A scientist from NASA spoke to students in April about the next Mars mission.

Philip Van Slooten, Reporter

A NASA planetary scientist said in April that a 2020 mission to look for life on Mars is “blow-your-mind kind of stuff.”

Dr. Adrian Brown told a campus audience the July 2020 mission is important because if the robotic “rover” NASA will send to Mars finds “microbial evidence” on the planet, it could mean it evolved at the same time as life on Earth.

Brown said previous unmanned missions to Mars aimed to find evidence of water, not life. The mechanical rover, which is about the size of a compact car, will search a crater—named Jezero—that scientists believe might have at one time included a lake.

“If Mars did have life at the time when this lake was present,” Brown said, pointing to a painting of what the crater might have looked like millions of years ago, “and [was] laying down sediment at the time that the [lake] was forming … [then] that is what we are looking for with our rover.”

Brown said he believes life exists on planets other than Earth.

“We’ve got over 300 million stars in our galaxy and then there are over 300 million galaxies in the universe,” he said. “If [life] also evolved on Mars, that would mean life should be very abundant in the universe because it evolved both here on Earth and on Mars in the same opportunity.”

Brown said Jezero was difficult to reach during previous missions because older versions of rovers could not land on the planet’s dangerous rocks. Those rovers, he said, had less-accurate landing equipment than today’s machinery.

The Mars 2020 landing vehicle, on the other hand, will have a computerized map and maneuverable rockets to help guide it to a more precise landing. Brown said this level of precision will make landing on Jezero—which also is rocky—possible without damage to the rover or sensitive instruments.

“That computer and that very accurate map of the surface enables us to push ourselves as close as possible to the [crater],” Brown said. That increases our probability of a successful landing. We think we have a 95 percent chance of success.”

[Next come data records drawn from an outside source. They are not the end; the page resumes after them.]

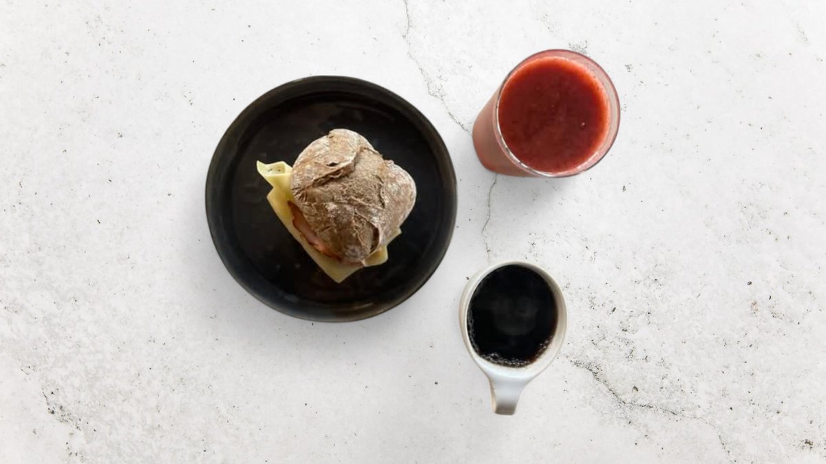 Ost och skinkfralla, jordgubb och mangosmoothie och nyrostat kaffe.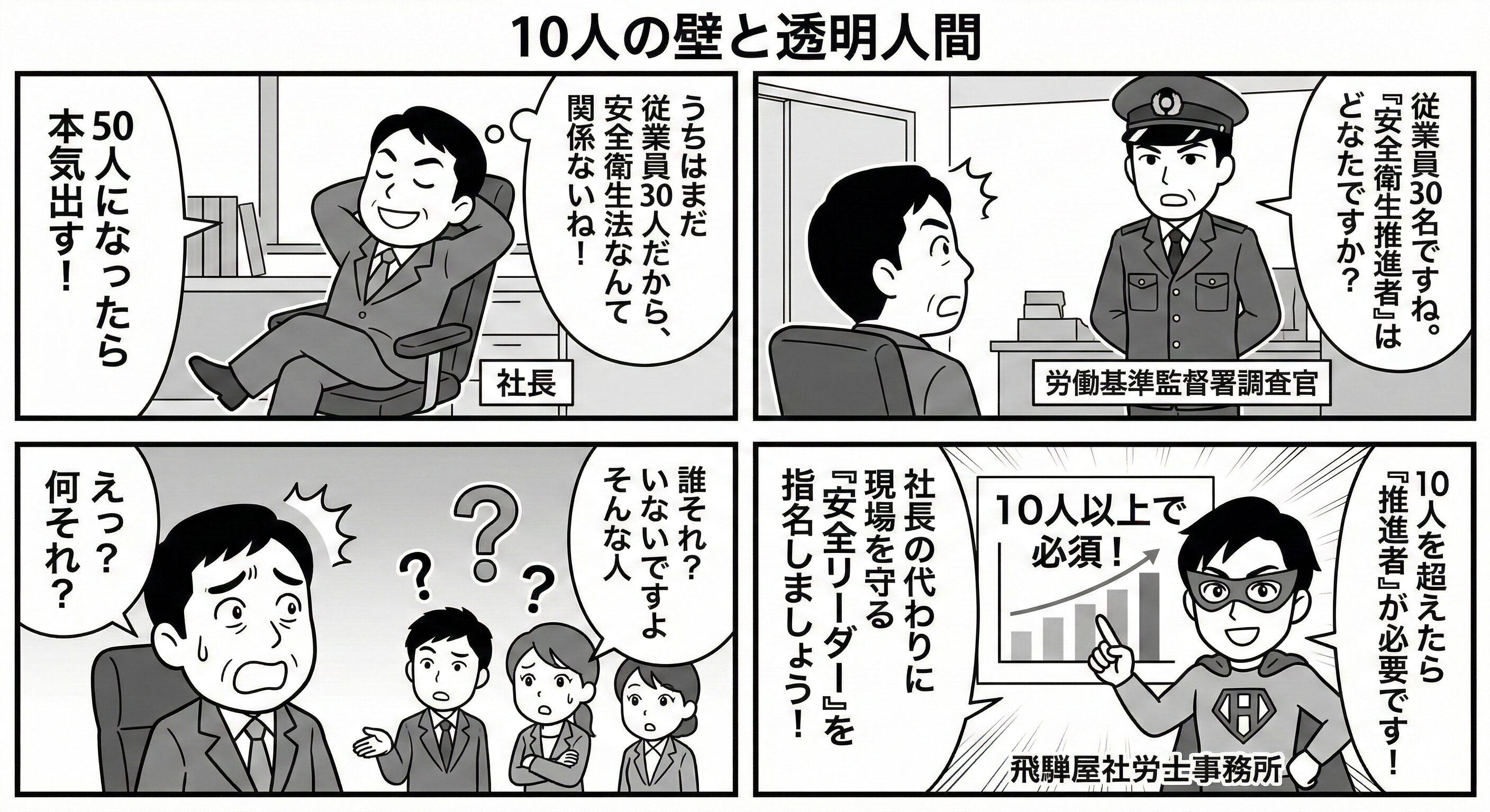 従業員10人〜49人の規模は、社長の目が届きにくくなり始める時期です。 社長一人で全員の安全と健康を見るのは不可能です。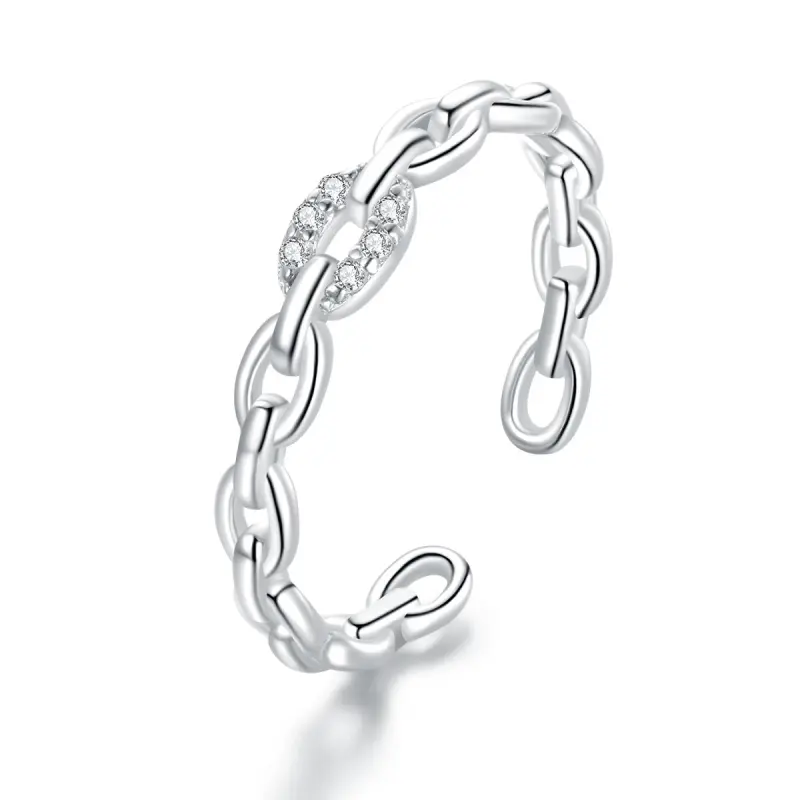 De Pandora Style Geometrische Chain Open Ring - BSR145, een prachtig stuk dat modern design moeiteloos combineert met tijdloze elegantie. Deze ring is vervaardigd met precisie en aandacht voor detail en is een must-have voor iedereen die verfijnde sieraden waardeert. Deze open ring heeft een uniek geometrisch kettingontwerp en voegt een vleugje eigentijdse flair toe aan elke outfit. De delicate, in elkaar grijpende kettingen creëren een betoverend visueel effect, waardoor het een echt statement-stuk is. Het open ontwerp zorgt voor een eenvoudige aanpassing en zorgt voor een comfortabele pasvorm voor alle vingergroottes. Deze ring is gemaakt van hoogwaardige materialen en is niet alleen visueel aantrekkelijk, maar ook duurzaam en gaat lang mee. De hoogwaardige metalen afwerking voegt een luxueus tintje toe, waardoor hij perfect is voor zowel casual als formele gelegenheden. Of je hem nu alleen draagt of samen met andere ringen, hij voegt moeiteloos een vleugje glamour toe aan elk ensemble. De veelzijdige en stijlvolle Pandora Style geometrische open kettingring - BSR145 is een perfect cadeau voor jezelf of een geliefde. Het straalt vertrouwen en verfijning uit, waardoor het geschikt is voor alle leeftijden en persoonlijke stijlen. Geef uw sieradencollectie een boost met dit voortreffelijke stuk dat iedereen onder de indruk zal achterlaten. Geniet van de schoonheid van modern design met de Pandora Style geometrische open kettingring - BSR145. Ervaar de perfecte mix van stijl, kwaliteit en veelzijdigheid. Voeg deze elegante ring vandaag nog toe aan je collectie en laat hem je kenmerkende accessoire worden.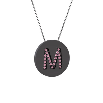 Pembe kuvars 925 ayar siyah rodyum kaplama gümüş kolye (40 cm gümüş rolo zincir)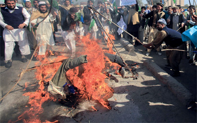 أفغان غاضبون يحرقون دمية لأوباما في احتجاجات بيشاور. رويترز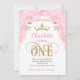 Princesa, Rosa, Dourada Brilhante, Convite Para primeiro aniversario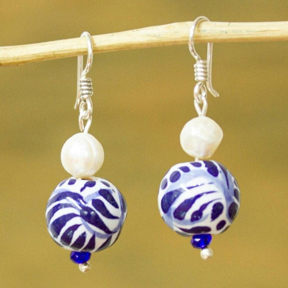 Cultured Pearl and Ceramic Puebla-Style Bead Dangle Earrings 'Indigo Bloom' Item ID: 2671808843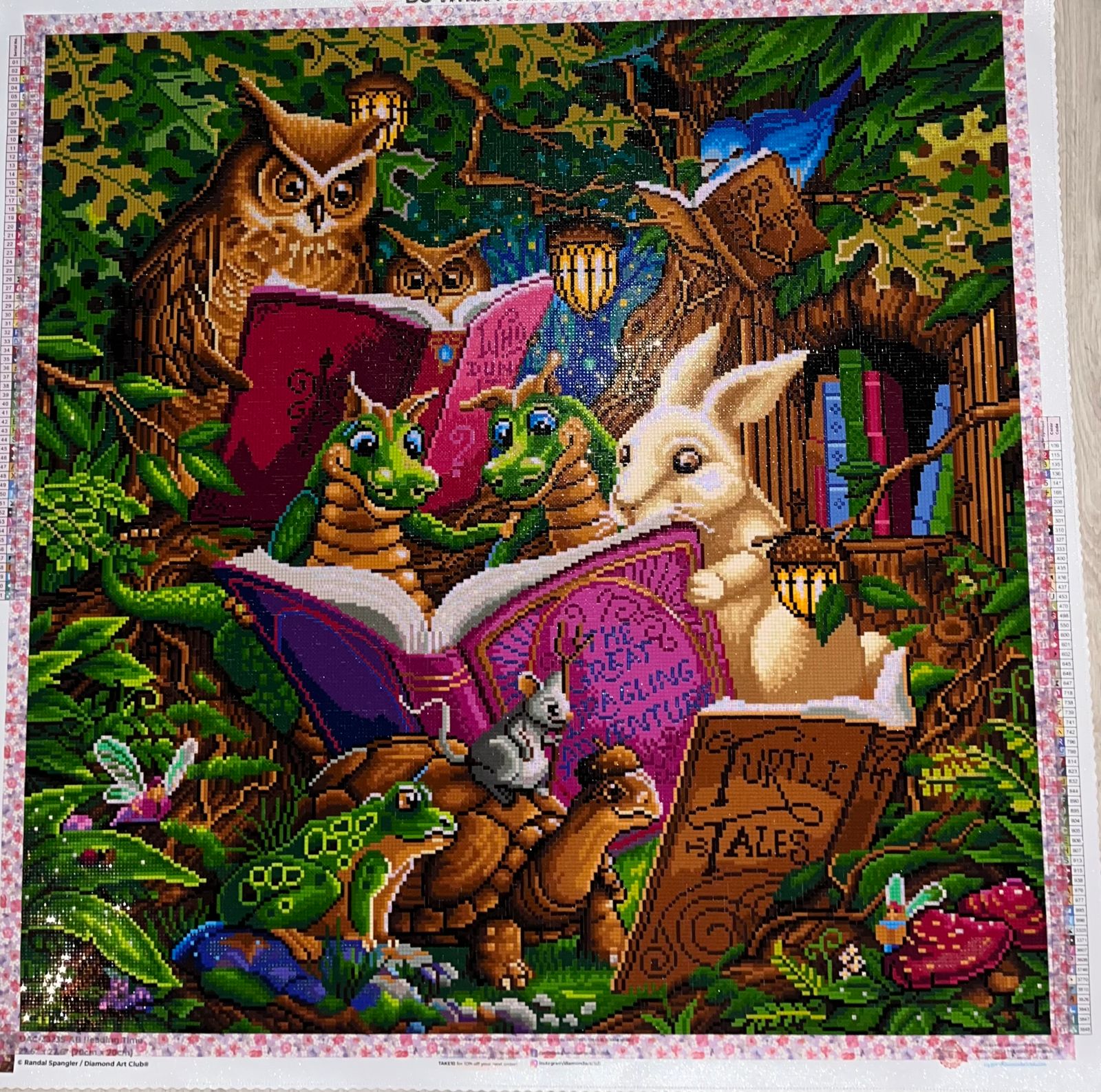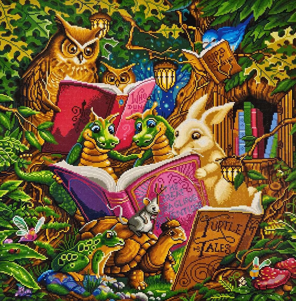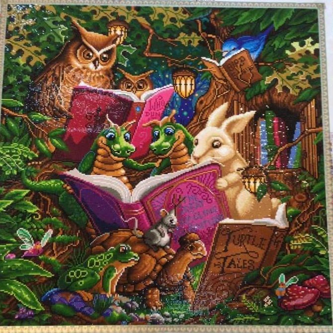 Such a cute painting showing animals reading together. Love all detail and colors. Was a lot of fun to do.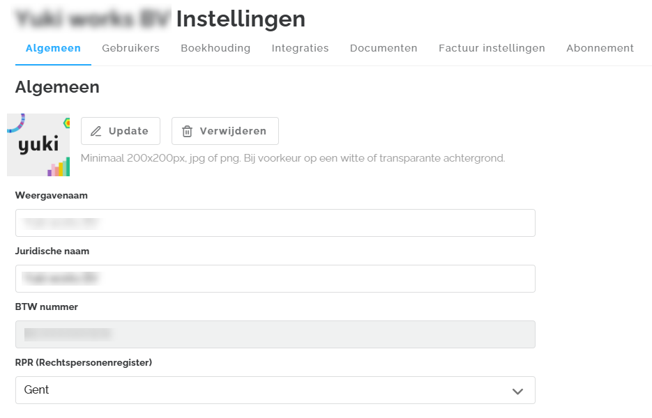 Onder de tab 'Algemeen' kun je een logo toevoegen aan je Lucy-omgeving. Dit logo kan op elk moment vervangen of verwijderd worden. Daarnaast heb je de mogelijkheid om de weergavenaam en de juridische naam in te stellen of aan te passen indien nodig. Het btw-nummer kan echter niet gewijzigd of verwijderd worden; voor aanpassingen hieraan moet contact worden opgenomen met de supportafdeling. Onderaan deze tab vind je ook de adresgegevens van je onderneming.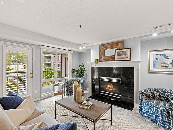 Warm gas fireplaceCovered deckSerene landscaped viewElegant updated kitchenGenerous counter spaceWalk-in showerPrimary suite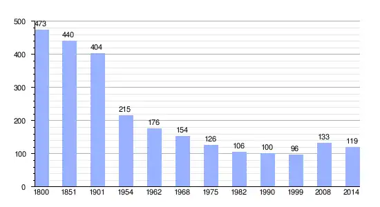 Los datos demográficos contemplados en este gráfico de la comuna de Chastel-sur-Murat[4] se han cogido de 1800 a 1999 de la página francesa EHESS/Cassini, y los demás datos de la página del INSEE.[5]

The landing vehicle will be accompanied by an aerial, helicopter-style drone to help it traverse difficult terrain.

Dr. Deborah Levine, an AACC astronomy professor, said Brown’s presentation intrigued her.

“I was really interested to see the progress in the rover design and the drone-like craft,” Levine said. “I wasn’t aware of [them].”

Brown said the rover also will collect 20 rock samples and return them to Earth for analysis.

Simone Desouza, a second-year chemistry student, called the plan “really ambitious. … I’m not really sure how they’re going to do that.”

Erin Hamner, a first-year environmental science student, agreed, adding she learned “how much time and math and geology goes into a space trip because most people only look at one aspect of it.”